Blickt man auf die Annahmen fallen 2 Aspekte direkt ins Auge: Die angenommene Emissionseinsparung von 1,5 Mt CO2 bei Tempo 130 und der Kostensatz von 195 Euro/t CO2.

Die aktuellste Studie in Sachen Emissionseinsparung „Flüssiger Verkehr für Klimaschutz und Luftreinhaltung“ errechnet bei Tempo 120 Einsparungen i.H.v. 6,7 Mt CO2. Sie ist die erste Studie ihrer Art, die neben den Abbremsungseffekten auch die Routenwahl- und Nachfrageeffekte berücksichtigt.

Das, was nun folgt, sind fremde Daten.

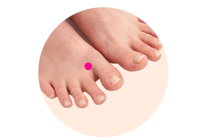엄지 발가락과 둘째 발가락 뼈가 만나는 점에서
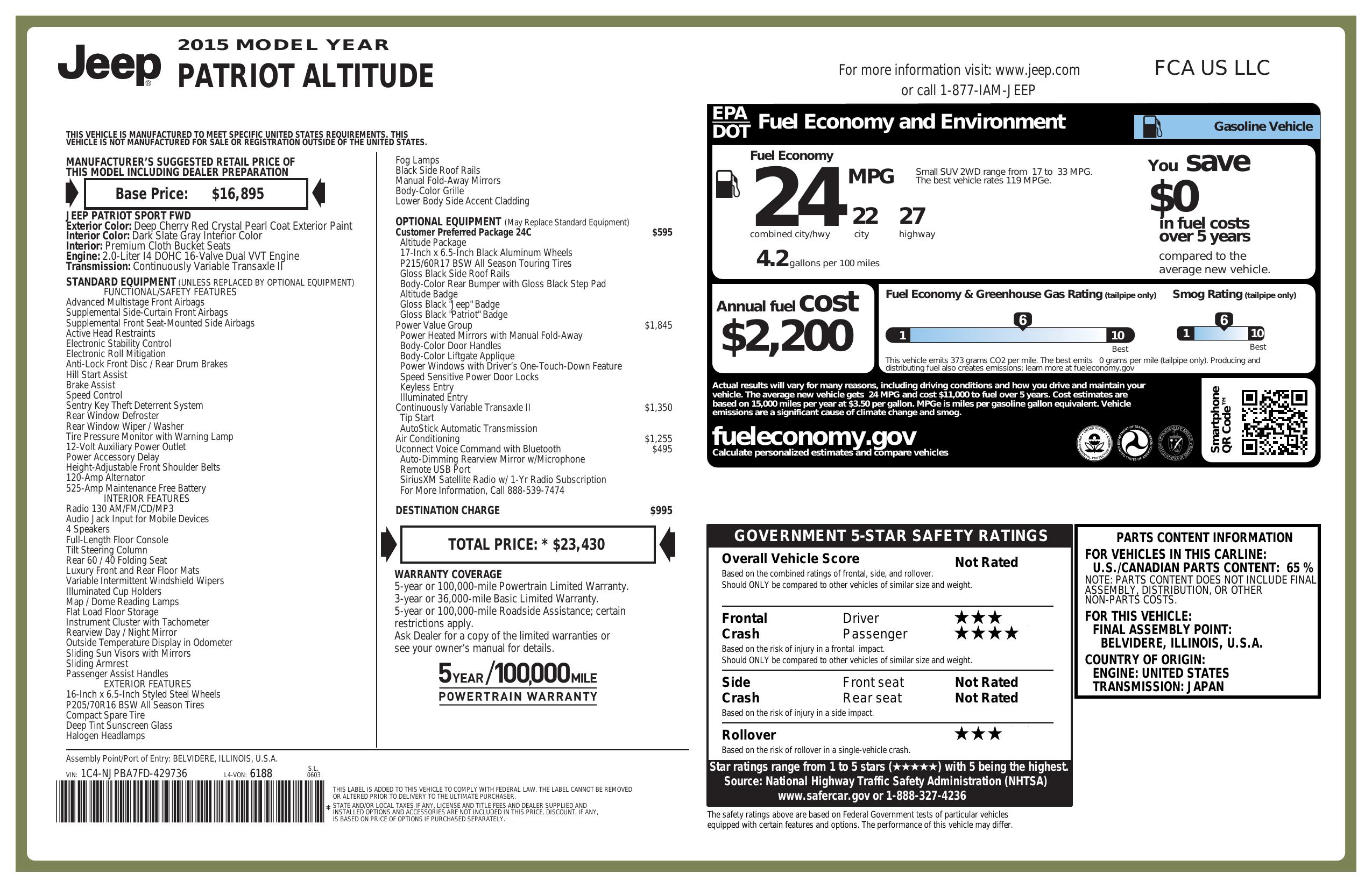 2015 Jeep Patriot Fwd 4dr Altitude Edition

Der Kostensatz von 195 Euro/t CO2 impliziert, dass die Wohlfahrt der heute lebenden Generationen höher gewichtet wird als die der künftigen. Angesichts des Urteils des Bundesverfassungsgerichts von 2021, das klar gemacht hat, dass die ungeborenen Generationen unter den gleichen Schutzbereich des Grundgesetz fallen wie die heute lebenden, ist es im Sinne der Generationengerechtigkeit geboten, den Kostensatz von 680 Euro/t CO2 zu wählen, der die Wohlfahrt der heutigen und künftigen Generationen gleich gewichtet (vgl. Methodenkonvention 3.1. S. 8).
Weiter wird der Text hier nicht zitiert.